Beneath this instruction is a block of data; output from it exactly the lines that run from the one containing "Die Arbeitsschuhe von" through the one containing "C. Hai vectơ", inclusive.

** Opening DATASET RECORDS block **

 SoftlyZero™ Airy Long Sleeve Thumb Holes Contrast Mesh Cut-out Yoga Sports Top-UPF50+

** Closing DATASET RECORDS block **
** Opening DATASET RECORDS block **

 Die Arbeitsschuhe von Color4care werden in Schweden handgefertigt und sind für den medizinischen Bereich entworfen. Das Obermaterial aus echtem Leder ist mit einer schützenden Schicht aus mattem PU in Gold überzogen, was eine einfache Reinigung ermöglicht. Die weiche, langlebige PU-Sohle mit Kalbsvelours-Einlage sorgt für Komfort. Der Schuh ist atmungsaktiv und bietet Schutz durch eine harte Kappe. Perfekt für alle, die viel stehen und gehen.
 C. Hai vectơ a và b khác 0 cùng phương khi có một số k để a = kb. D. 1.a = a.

** Closing DATASET RECORDS block **

> [SOLUTION FOR THIS PROBLEM]
 Die Arbeitsschuhe von Color4care werden in Schweden handgefertigt und sind für den medizinischen Bereich entworfen. Das Obermaterial aus echtem Leder ist mit einer schützenden Schicht aus mattem PU in Gold überzogen, was eine einfache Reinigung ermöglicht. Die weiche, langlebige PU-Sohle mit Kalbsvelours-Einlage sorgt für Komfort. Der Schuh ist atmungsaktiv und bietet Schutz durch eine harte Kappe. Perfekt für alle, die viel stehen und gehen.
 C. Hai vectơ a và b khác 0 cùng phương khi có một số k để a = kb. D. 1.a = a.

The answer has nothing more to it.